I am running MinIO on my localhost Win 10 laptop. I am also running HSDS on the same laptop (1sn and 4dns). I have a program that creates HDF5 files simulating images coming from an instrument. After about 2 minutes, things slow down eventually throwing an exception. When I look at the HSDS log file, then first error is an Internal Server Error (HTTP 500) for the MinIO port. This is very reproducible. Any ideas?

ron-kuhn commented 1 year ago

If I added Sleeps in my code to slow it down a bit then it works.

mattjala commented 1 year ago

This sounds like it might have been caused by issues with how the VOL was sending data to HSDS that were fixed in #26. If it persists in the current version of the VOL, could you share the HSDS log files?

ron-kuhn commented 1 year ago

I was testing the #26 fix when it occurred twice. But it hasn't happened since. I didn't save the hs.log, sorry. My test application simulates our instrument and send a bunch of data and images to HSDS through the rest-vol. If it is creating objects faster than the HSDS services can write then I see my application slow down for a while. I'm guessing the cache is full and has to wait for object to be written before continuing.

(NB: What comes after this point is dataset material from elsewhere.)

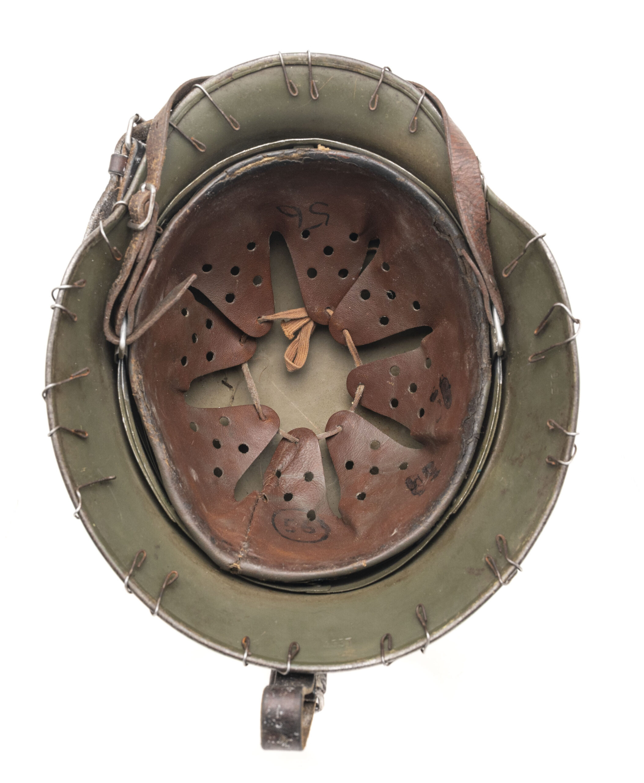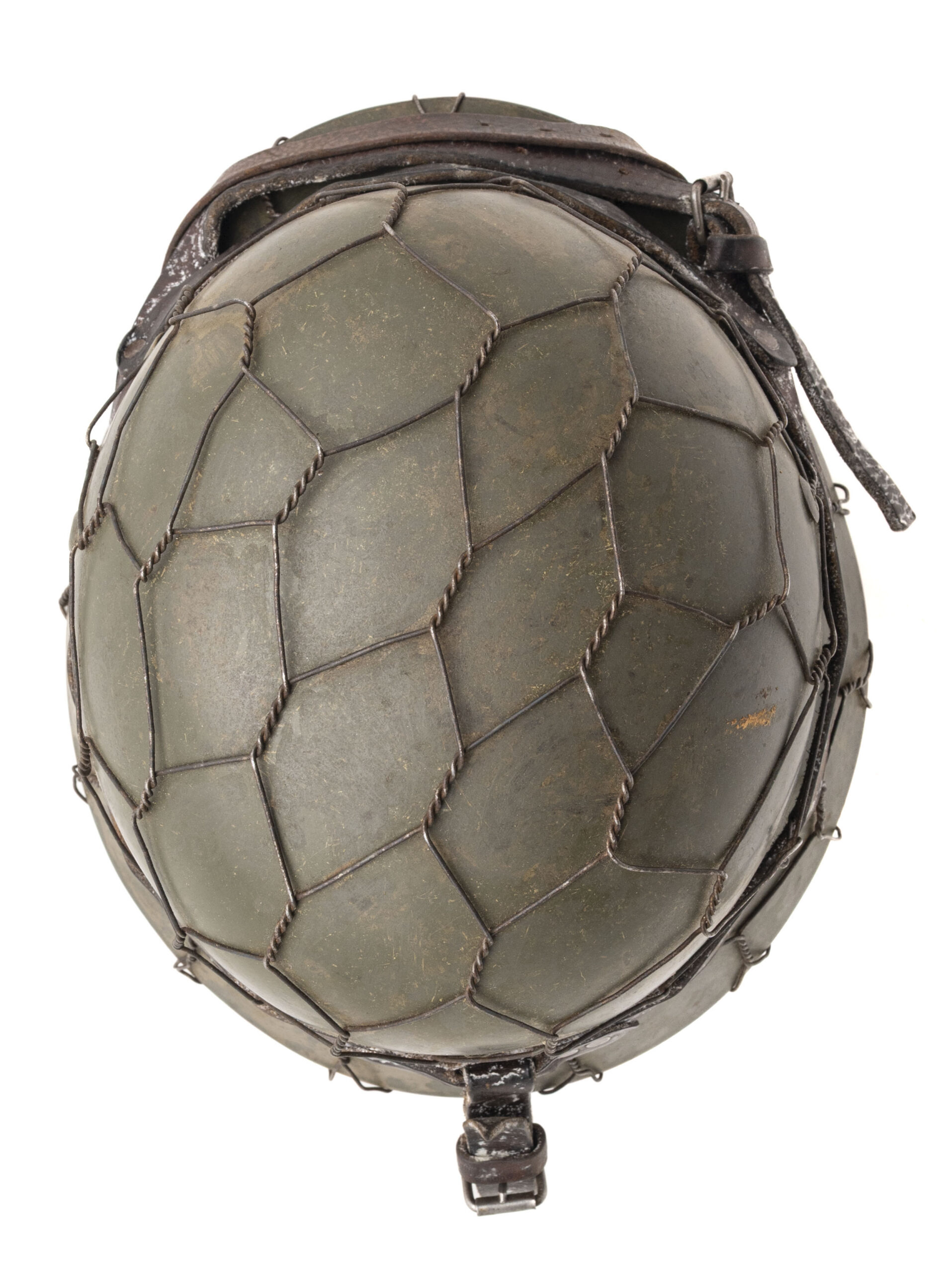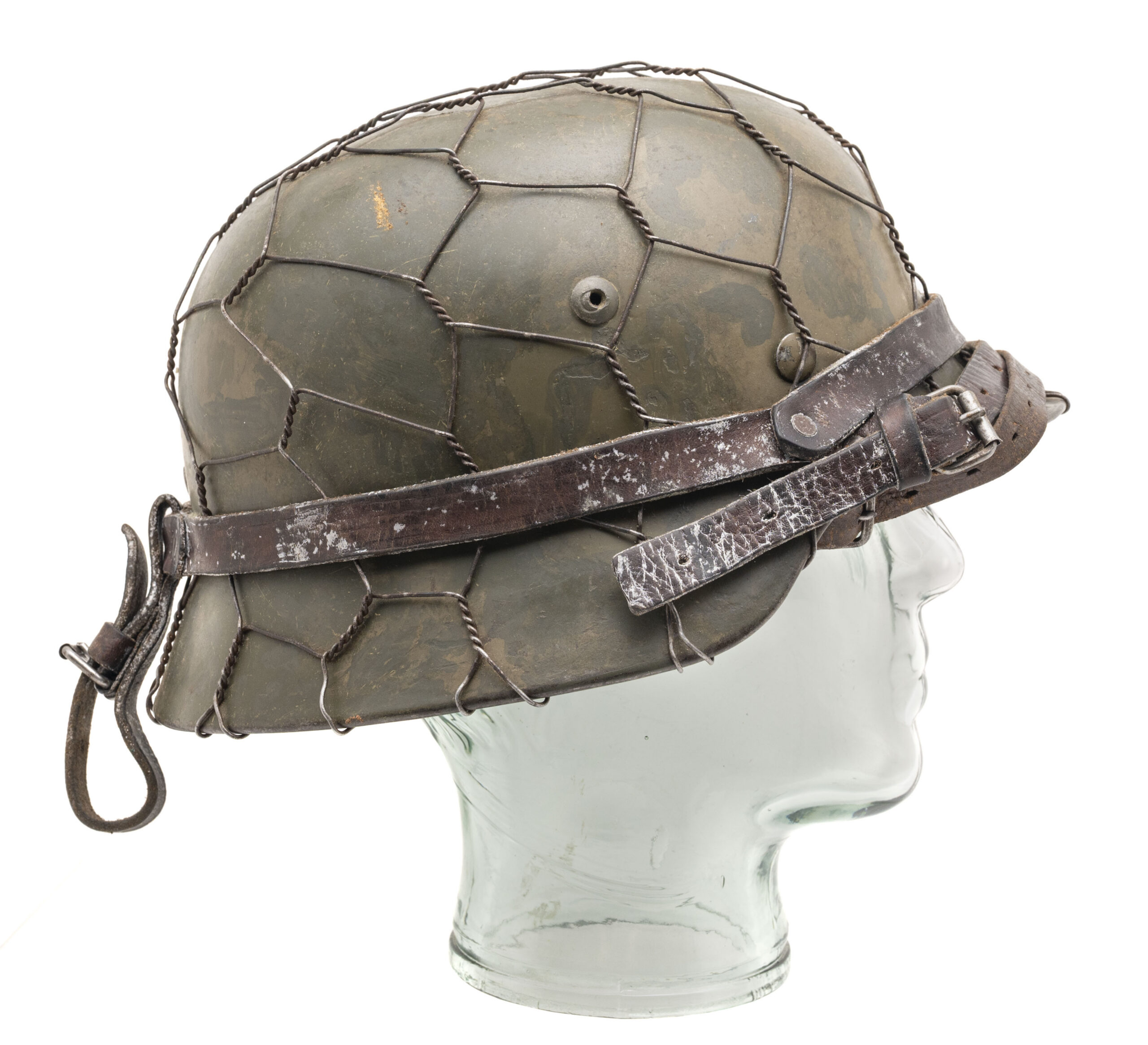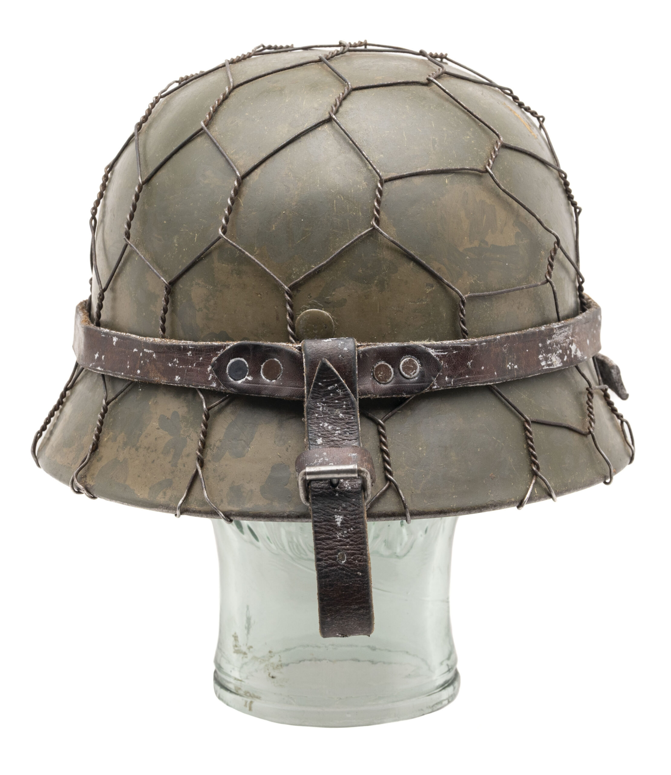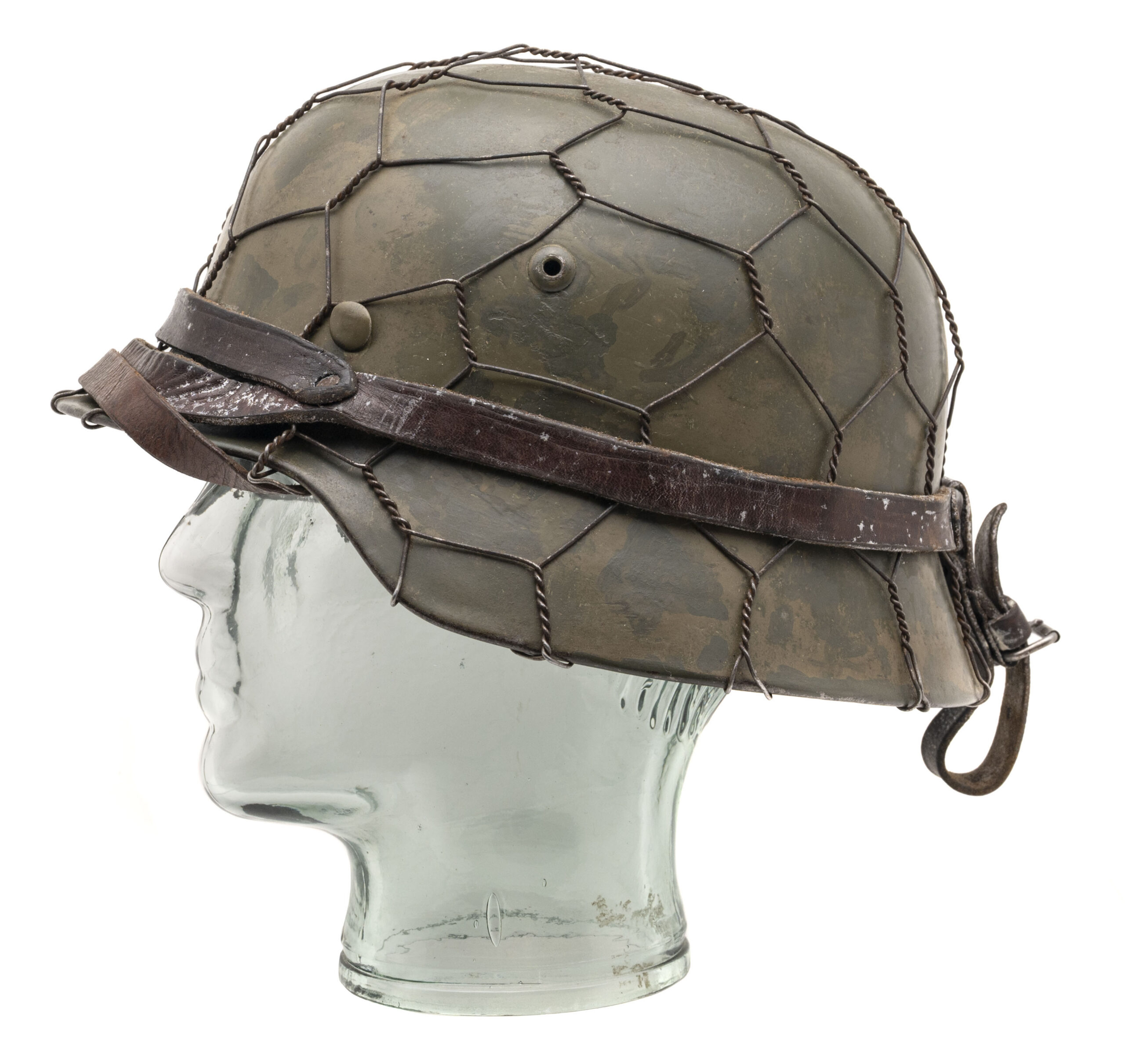 This German World War II M35 rolled-edge "Stalhelm" (steel helmet) was made by Eisenhüttenwerke in Thale, Saxony-Anhalt in 1940. The shell size is 64 & the liner size is 56. A layer of dull greenish camouflage has been applied to exterior & it is covered by fitted chicken wire. Shell, liner & liner chinstraps are in very good condition.

This is when it appeared to happen but like I said, hasn't happened since.

jreadey commented 1 year ago

@ron-kuhn , HSDS uses lazy writing - i.e. a PUT/POST request to the DN will return while another task looks for dirty objects and flushes them after they've been dirty for 10 seconds or more (this logic is there to save on repeatedly writing an object to storage if it's being frequently updated).

If there are two many objects in the dirty queue, that may delay the time in which they get written out. If you scan through the HSDS logs looking for "s3sync" you might get some clues as to what's going on.

mattjala commented 7 months ago

This was likely an issue with insufficient resources being allocated for HSDS. If the issue is identified again, this can be reopened. Closing for now.